So into this volatile situation pops The Professor, a man on the run who surfaces one night in the basement schoolroom of the local left-wing teacher who is The Professor’s host. The workers have gathered together, more and more discontent with their lot —  which includes 14 hour days that begin at the crack of dawn,  almost unlivably low wages, and hazardous working conditions that leave one man caught and crippled in the machinery. Sinigaglia listens sympathetically and attentively. Is this his destiny? The Professor is a socialist firebrand, or wants to be one — he has just fled the police in his last city, Milan — but he’s also something of a lovable bumbler. He immediately begins thinking of and organizing a great strike — an action  that The Professor doesn’t really know how to strategize, and that the workers aren’t really equipped to win.

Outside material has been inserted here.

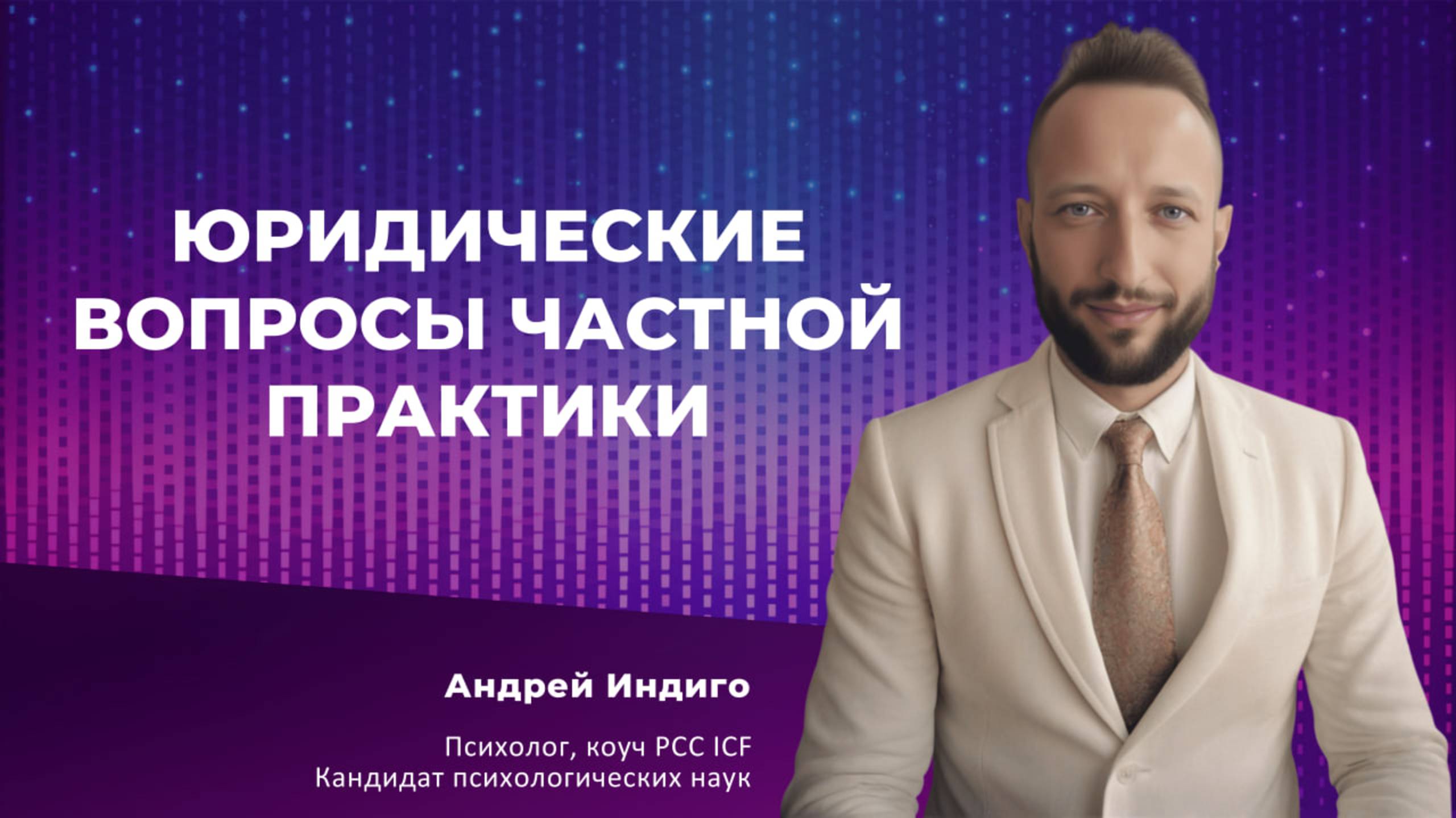 Ссылка на семинар юридические вопросы частной практики - https://andreyindigo.com/yuridicheskiyevoprosychastnoypraktiki Семинары Андрея Индиго: http://t.me/Indigopeople_assistant Записаться на личную диагностическую сессию: https://andreyindigo.com Закрытая группа "Практика на миллион" для психологов и коучей: https://t.me/+hlCZO6w-hBoyZTYy Подписывайтесь на мои социальные сети: Телеграм: https://t.me/AndreyIndigo INST: https://www.instagram.com/andrey.indigo/ ВК: https://vk.com/andrey.indigo

An obsessed activist who has abandoned his family and his career to devote himself to the working class. Prof. Sinigaglia is no demagogue or phony, though he is a bit of a Don Quixote — tilting at windmills that are, unfortunately, all-too-real monsters. But The Professor is honestly devoted to Italy’s exploited and downtrodden classes — to the extent that he’s become one of the downtrodden himself, a Chaplinesque gentleman tramp figure whose fingers poke through his gloves, and who is reduced to eating a sandwich his unionists leave behind at a meeting (and shamefacedly, handing it back when the sandwich-owner returns).  His clothes and life may be  falling apart, but he keeps the struggle alive, with  fierce pride and a dreamy eloquence.

Unfortunately, the strike he leads, while at first surprisingly successful and inspiring to some workers and citizens — like Raoul, who takes him in, and a beautiful local hooker, Niobe (Annie Girardot), who gives him a freebie and offers him another bed —  is a rickety concoction that may have trouble withstanding  the counter-attacks of the owners and managers, their soldiers, their police and their scabs. In fact, as we soon see, thanks to Monicelli’s flair for humanistic dark somedy, Sinigaglia may be  leading his friends and disciples to disaster — including the two young brothers, the two observers whom we follow from the movie’s opening, int the drab smokey dawn, under dark skies, of another working day, to The Organizer’s stunning and heart-breaking last shot — an ironic and devastating image that I promise you, you will never forget.

We think of Marcello Mastroianni as an Italian lover and a ladies man, as Casanova — though in fact, Casanova was one of the few Fellini film leading parts in which the direector didn’t cast his favorite leading man. (Fellini chose a ghoulishly made up Donald Sutherland instead). Mastroianni can be more of a nebbish than a Casanova, and when Visconti directed his famous Italian stage version of Tennessee Williams’ A Streetcar named Desire, with Mastroianni and Vittorio Gassmann in the leading male roles, it was Gassmann who played Brando‘s role, brutal Stanley Kowalski, and Mastroianni who played Karl Malden‘s part, shy Mitch. Mastroianni is at his best in somewhat dreamy, vulnerable roles — a confused artist like Guido in 8 ½, a weak outsider like the gay man in A Special Day. It’s his extreme good looks that get him his Dolce Vita companions, not any machismo or dash.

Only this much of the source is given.